November 18, 2019

A determine how to transpose them, disparities within the

A directive is an act of European Union law to be transposed into member
state law to achieve a certain aim, however the member state itself is not limited
to using only certain means of achieving this result1.
Unlike regulations, EU directives can have only vertical direct effect, and not
horizontal. While directives are preferred to regulations, due to the freedom
they give to Member States, as it means they are free to determine how to
transpose them, disparities within the law have arisen as this means
individuals cannot enforce their rights and take action against other
individuals even where the aim of the directive is for these individuals to be
protected. As Directives can only have vertical direct effect, a person seeking
to rely on this can only take proceedings against the State or an emanation of
the state2.
This is unfair and unjust particularly in the employment sector, as where a
person is employed in the public service, they can bring action against their
employer based on the direct effect of a directive as this will be seen as an
emanation of the state3,
whereas even if the conditions for direct effect are met, an individual cannot
rely on this to take action against their employer in the private sector. This is
evident in Marshall I4,
where the claimant succeeded in her equal pay claim against a public health
authority based on Directive 76/207/EEC, contrasted with Duke v GEC Reliance Ltd5,
where the claimant lost in a comparable claim against a private company.

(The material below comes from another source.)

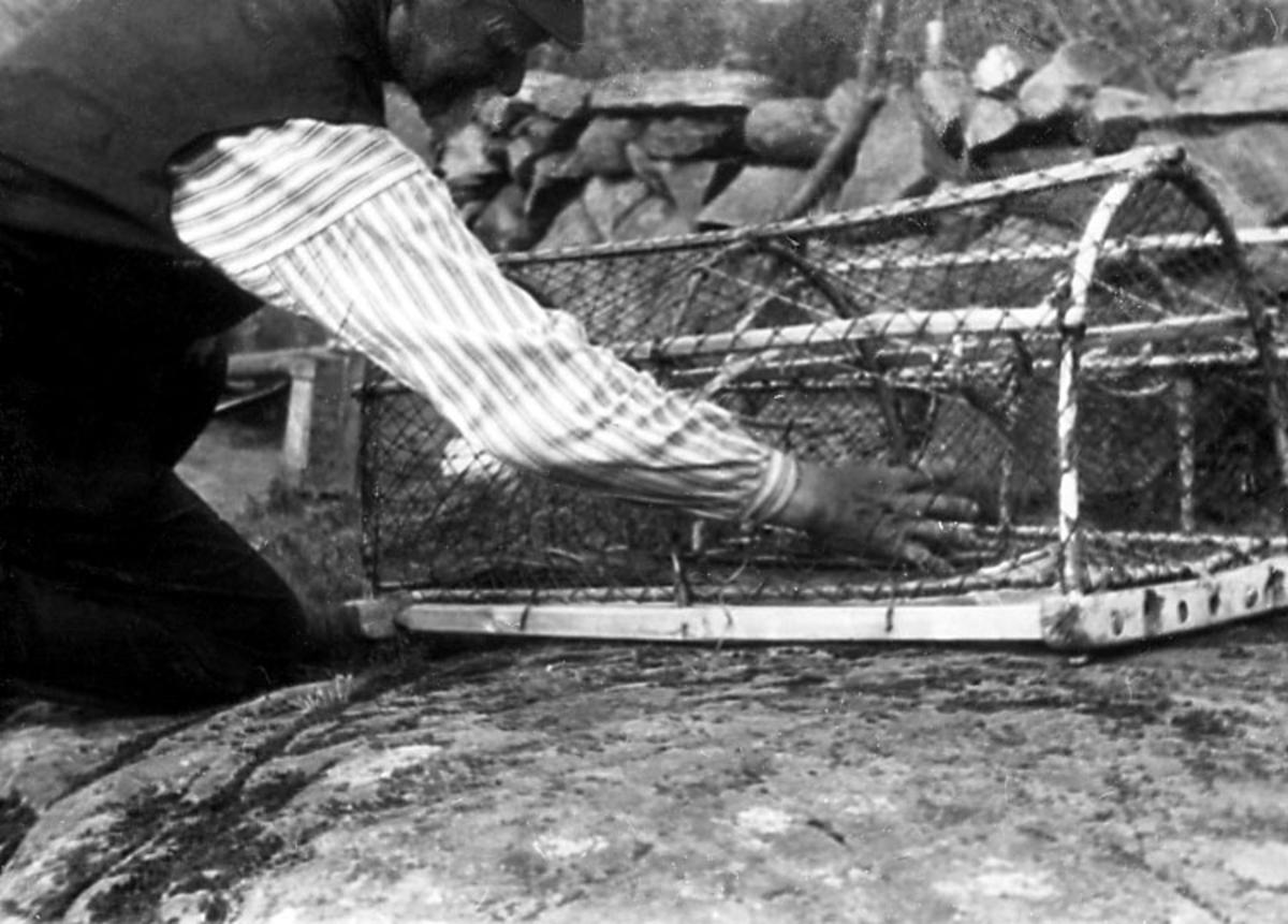 Skrivet på baksidan: Halland, Viske hd, Värö sn., Båtfjorden. Hummerkupa, mannen visar snörpehålet där man tar ut den fångade hummern.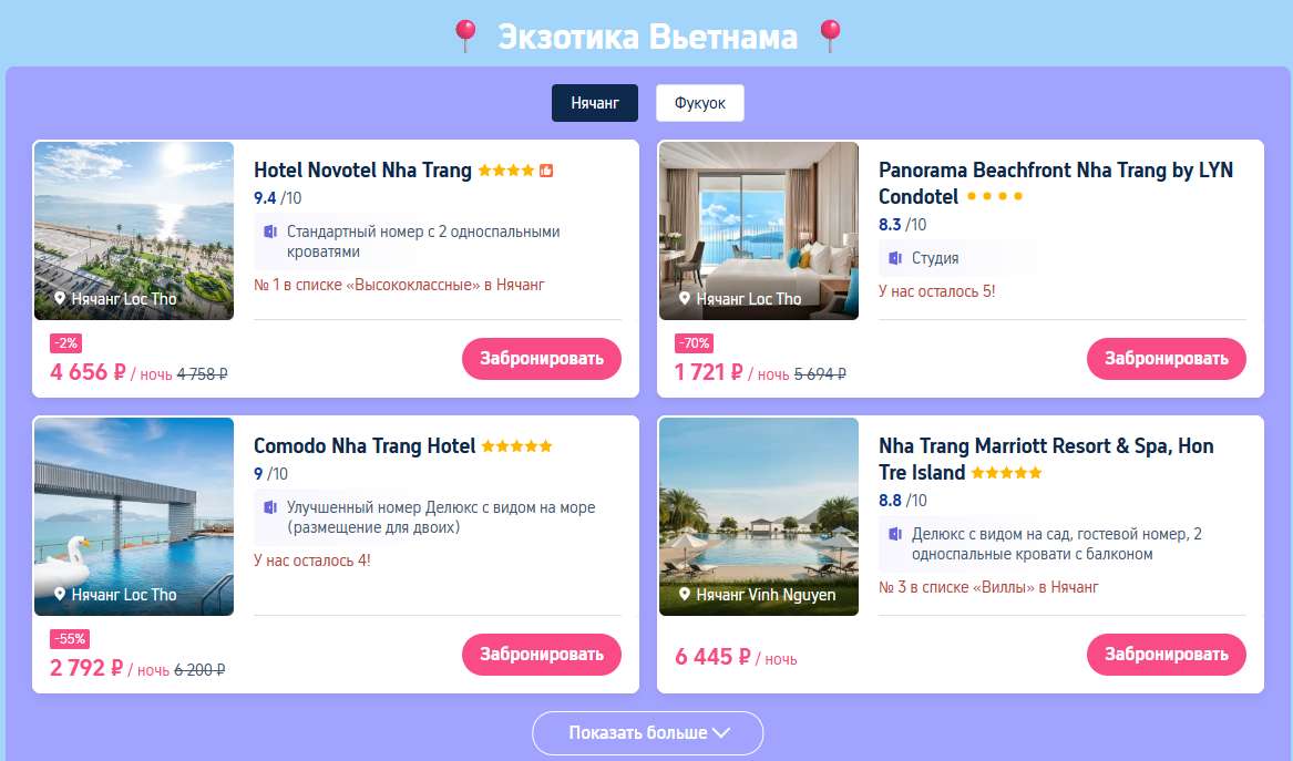Откройте для себя Вьетнам с невероятной выгодой! Мы предлагаем горящие предложения в Нячанге и на Фукуоке. Насладитесь роскошным отдыхом в Panorama Beachfront Nha Trang со скидкой 70% или в Comodo Nha Trang Hotel со скидкой 23%. Также доступны билеты на Vinpearl Safari и канатную дорогу Hon Thom.

Not
only this, but where a directive has failed to be transposed properly by the
member state, and this directive would mean that an individual would have
certain protections, the individual would struggle to hold their private
employer accountable for not providing these protections. In order to overcome
the consequences of this and rectify these complications, the European Court of
Justice (ECJ) has developed some remedial mechanisms; namely the principles of
state liability and indirect effect, among others. But whether these devices
can harmonize the law, in such a way as to compensate for the issues created by
the fact that directives cannot have horizontal direct effect, is a question much
debated among legal scholars and academics.

 

The idea of indirect effect, and how this provides a solution to the
problems caused by directives not having horizontal direct effect, is most
effectively explained through the example of a case. In Seda Kucukdeveci v Swedex GmbH & Co6,
a young employee who began working at a private German company was dismissed
after 10 years. The company calculated that she had given 3 years of service,
given the fact that German legislation provided that employers should only take
into account employment after the employee reaches 25 years of age. Ms
Kucukdeveci brought action against her employer in the German courts stating
this was discriminatory based on her age and thus went against Directive
2000/78. The court then referred to the ECJ, asking whether this was illegal
discrimination, contrary to EU law and the directive, and if so, whether the
national court should disapply the national law in the dispute concerning two
private parties. The ECJ referred to Mangold
v Helm7,
stating that this case provides that the directive in question does not itself
lay down the principle of non-discrimination and equal treatment, but that this
directive implements a framework for combatting inequality. The ECJ therefore
held that the principles do apply. Then, it was to be decided whether the case
at hand fell within the scope of EU law. The ECJ recalled the general rule that
a directive cannot impose obligations on an individual and therefore cannot be
relied on against another individual8,
and therefore pointed out that usually this would not come within the remit of
European Union law. However, the court went on to recall that Member States
have an obligation arising from a directive to achieve the result envisaged by
that directive and their duty to take all measures, whether general or
particular, to ensure the fulfilment of that obligation9.
The ECJ therefore held that when it applies national law, the national court
must ensure that the result pursued by the directive in question is achieved in
light of the wording and purpose of the directive, and therefore the
requirement for national law to be interpreted in conformity with EU law
permits the national court to ensure the full effectiveness of said directive10.
This is the principle of indirect effect, whereby even where a directive does
not have horizontal direct effect, the national court should seek to achieve
the same result as if it did have such an effect when the directive gives
expression to a general principle of EU law.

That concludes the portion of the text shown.